Bill Clinton, then president of the United States, condemned the massacre as a deliberate and indiscriminate act of murder, and the administration sought to convince the American people that intervention in Yugoslavia was necessary. Public support for intervention among Americans remained at only about 50%, even after the extensive media attention on Račak, suggesting that war with Yugoslavia would be less popular than previous conflicts and interventions the US had undertaken in its recent history.

Regardless, the actions taken and bloodshed at Račak represented a "turning point in the war", drawing sympathy among the Western public, and ultimately played a role in NATO's decision to mount an organized military operation against the Federal Republic of Yugoslavia. NATO's involvement in the Kosovo conflict in the months following the Račak incident altogether lasted 78 days and consisted of a series of tactical airstrikes.

There is a memorial to the victims of the massacre in the village, where an annual ceremony to honour them is held.

==Background==
Račak is a small Albanian-inhabited village in the Štimlje municipality of southern Kosovo. By 1998 it had become the scene of activity by the Albanian separatist organization the Kosovo Liberation Army (KLA). It had a population of around 2,000 people prior to the displacement of most of its inhabitants during Yugoslav military activity in the summer of 1998. By January 1999, around 350 people were reported by the Organization for Security and Co-operation in Europe (OSCE) to be living in the village. The KLA was highly active in the region and almost certainly had a presence in Račak itself, with a base near a local power plant.

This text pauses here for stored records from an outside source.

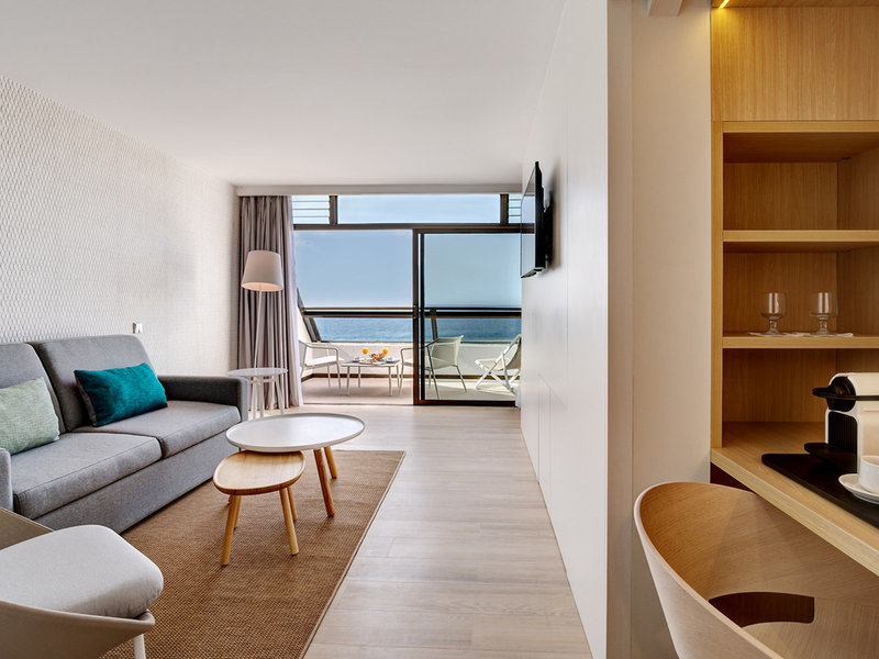 - Suite Duplex Premium Sea View (JSM1), Juniorsuite, Nichtraucherzimmer, erste Strandreihe, Meerseite, Meerblick, ca. 60 m², letzte Komplettrenovierung 2017, Gesamtanzahl der Räume in diesem Zimmertyp: 2, Aufteilung wie folgt: Maisonette, 1 Schlafsofa, Klimaanlage: ohne Gebühr, Januar - Dezember, zentral gesteuert, kalt, Fußboden: Laminat, Safe: ohne Gebühr, Kühlschrank: ohne Gebühr, Kaffee-/Teezubereiter, Telefon, Internet: WLAN/WiFi: ohne Gebühr, Fernseher: Flatscreen, im Wohnbereich, im Schlafzimmer, deutsches Programm, Sat-TV, iPod-Docking Station, Reinigungsservice: täglich, ohne Gebühr, Dusche, Badewanne, WC, separates WC, Bademantel: ohne Gebühr, Slipper: ohne Gebühr, 2 Bäder, Bad durch Glaswand getrennt, Föhn, Kosmetikspiegel, Balkon: mit Liegen, mit Sitzgelegenheit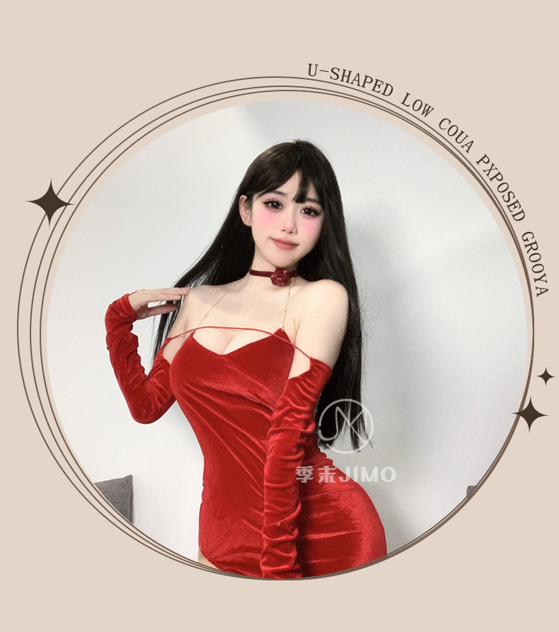 새로운 벨벳 레드 체인 백리스 스플릿 힙합 스커트 순수 섹스 언더웨어 여성을위한 고급 스플릿 슬립 스커트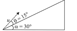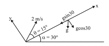 Distance, $\mathrm{S}=\left(2 \cos 15^{\circ}\right) T-\frac{1}{2} g \sin 30^{\circ}(T)^{2}$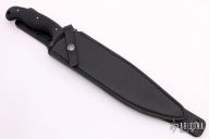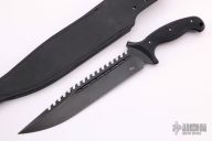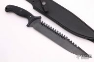 This Razorback from Knife Makers Guild President Todd Begg features a black blade with fullers and sawteeth, .271" blade stock and 1.725" blade depth, full tang construction. The handle has textured black G-10 scales. Comes with a black leather sheath and a zippered case. New from maker!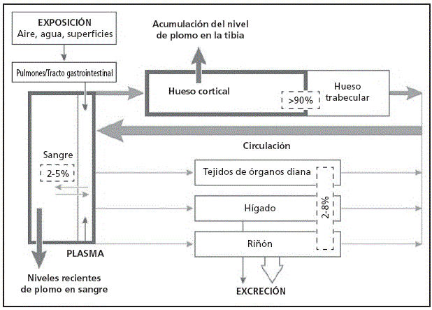 El Pb, una vez en el organismo, circula por la sangre unido a eritrocitos (95%), se distribuye a los tejidos blandos como hígado, riñón, médula ósea y sistema nervioso y, finalmente, se acumula en hueso, donde es inerte y poco tóxico. Aquí tiene una vida media de décadas y contiene el 95% del Pb del cuerpo. Este es liberado del hueso en ciclos de recambio como hipertiroidismo, menopausia, embarazo y lactancia, lo que da lugar a fluctuaciones de sus concentraciones sanguíneas sin que exista una aportación externa (Figura 4 y Figura 5).

On 8 January 1999, the KLA mounted an ambush on Serbian police units near the city of Suva Reka, resulting in the deaths of three Serbian policemen. The ambush was followed by a further attack on Serbian police units near the city of Uroševac two days later on 10 January, killing one policeman. The village of Račak had served as a staging area for these ambushes and in response, Yugoslav security forces established a security cordon in the area of Račak and the neighboring communities of Dulje and Caraljevo. At 06:30 on 15 January, the assault on the village of Račak began when Serbian police and KLA units began to exchange fire. Some residents of Račak were able to escape to the nearby village of Petrovo, while KLA units fought their way out to positions outside the village. KLA resistance lasted a number of hours with Serbian police units finally securing the village in the morning, later departing the village at 16:30.

==Reports==
On 15 January, reports were received by the Kosovo Verification Mission (KVM), an unarmed observer force from the OSCE, of civilians being killed in Račak. KVM monitors attempted to gain access to the area but were refused permission by security forces despite strong protests. Instead, they watched the fighting from a nearby hill. They later gained access to the village, where they found one dead man and a number of injured people and received reports of other deaths and of people being taken away by the Serbian security forces. They were denied permission to interview the villagers or explore the area around the village.

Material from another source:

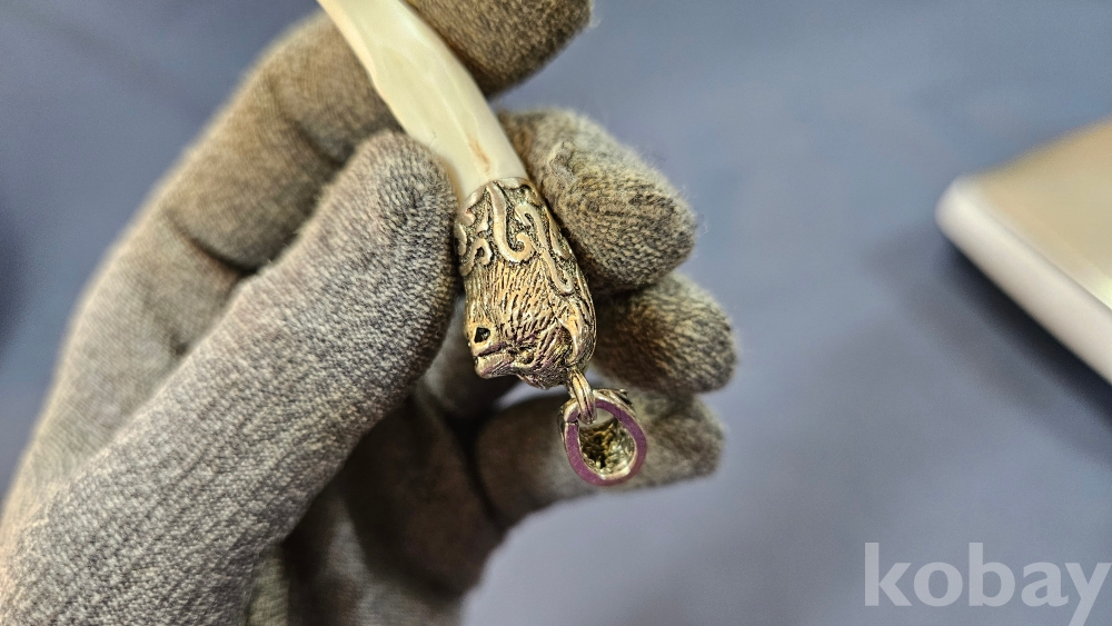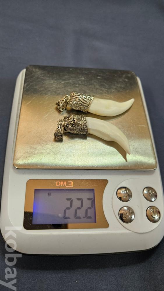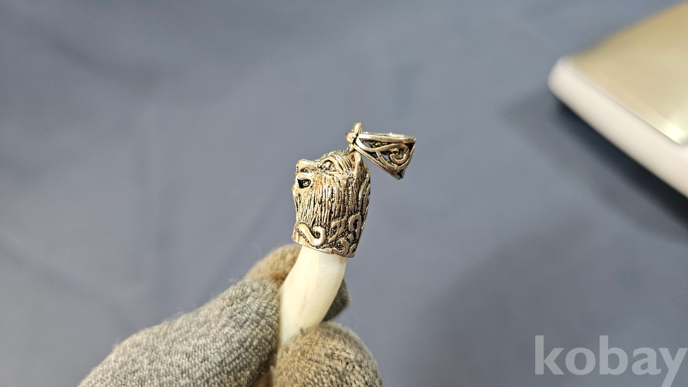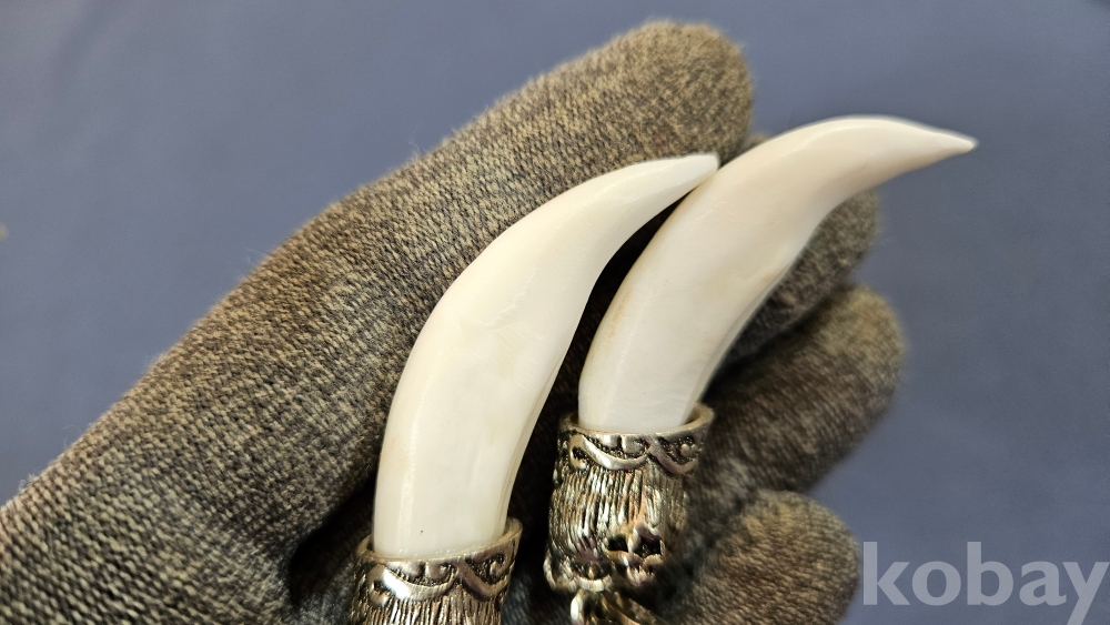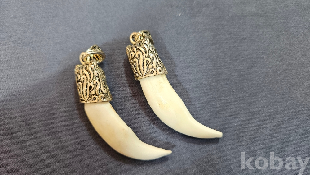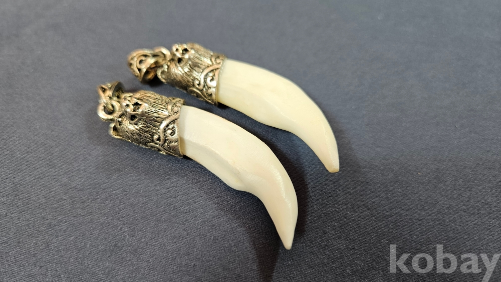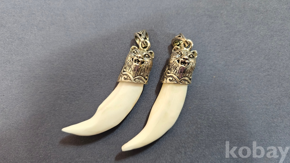 곰 장식이 보이는 이빨 목걸이 2점 일괄입니다.

The monitors finally gained access to the surrounding area on 16 January. Accompanied by a number of foreign journalists and members of the European Union's Kosovo Diplomatic Observer Mission (KDOM), they found a total of 40 bodies in and around the village. Another five bodies had allegedly been removed by family members. In all, 45 were reported killed, including a 12-year-old boy and three women. All had been shot and the KVM team reported that it found several bodies decapitated. KVM head William Walker later described what he had seen:

"In a gully above the village, I saw the first body. It was covered with a blanket, and when it was pulled back, I saw there was no head on the corpse — just an incredibly bloody mess on the neck. Someone told me that the skull was on the other side of the gully and asked if I wanted to see that. But I said, "No, I've pretty much got this story." [Three more bodies were found.] They looked like older men, with gray hair or white hair ... They had wounds on their heads, and there was blood on their clothes. [Then a larger group of bodies.] I didn't count them. I just looked and saw a lot of holes in the head - in the top of the head and the back of the head. A couple had what appeared to be bullet wounds knocking out their eyes. I was told there were other bodies further up and over the crest of the hill, and I was asked by journalists and inspectors if I was going to go up and see the rest. I said, 'I've seen enough.'"

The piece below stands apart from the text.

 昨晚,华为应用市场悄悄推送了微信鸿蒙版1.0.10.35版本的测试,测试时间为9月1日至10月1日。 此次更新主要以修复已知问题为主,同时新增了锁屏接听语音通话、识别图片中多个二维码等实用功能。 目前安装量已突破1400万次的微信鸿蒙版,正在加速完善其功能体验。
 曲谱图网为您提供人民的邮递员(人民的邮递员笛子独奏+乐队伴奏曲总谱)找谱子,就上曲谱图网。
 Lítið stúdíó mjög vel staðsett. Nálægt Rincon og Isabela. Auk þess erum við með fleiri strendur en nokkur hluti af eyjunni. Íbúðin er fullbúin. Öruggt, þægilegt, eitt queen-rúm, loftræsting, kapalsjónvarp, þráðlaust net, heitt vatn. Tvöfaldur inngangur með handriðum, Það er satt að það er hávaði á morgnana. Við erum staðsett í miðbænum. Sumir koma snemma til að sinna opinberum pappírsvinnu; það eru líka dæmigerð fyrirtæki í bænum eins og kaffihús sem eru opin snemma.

Walker immediately condemned what he labelled "an unspeakable atrocity" which was "a crime very much against humanity". He told the party of journalists accompanying him: "I do not hesitate to accuse the (Serb) government security forces. We want to know who gave the orders, and who carried them out. I will insist that justice will be done. They certainly didn't deserve to die in circumstances like this."

The journalists also provided first-hand accounts of the discovery of the bodies. One of them, the BBC's reporter Jacky Rowland, reported that the dead "were all ordinary men; farmers, labourers, villagers. They had all been shot in the head." The dead were aged from 14 to 99 years old. ITN's correspondent Bill Neely was also present and described how other KVM monitors reacted at the scene: "A Swedish monitor notes that the dead are all in civilian clothes and unarmed and that there are no signs of a battle... After working for two hours one monitor, a London police officer, tells me he believes many of the victims have been shot at close range."

Two days later, on 18 January, the Chief Prosecutor of the International Criminal Tribunal for the Former Yugoslavia (ICTY), Louise Arbour, attempted to enter Kosovo to investigate the killings but was refused access by Serbian authorities. On the same day, heavily armed Serbian police entered Račak under fire from the KLA, and removed the bodies, taking them to a morgue in Pristina to await a forensic examination.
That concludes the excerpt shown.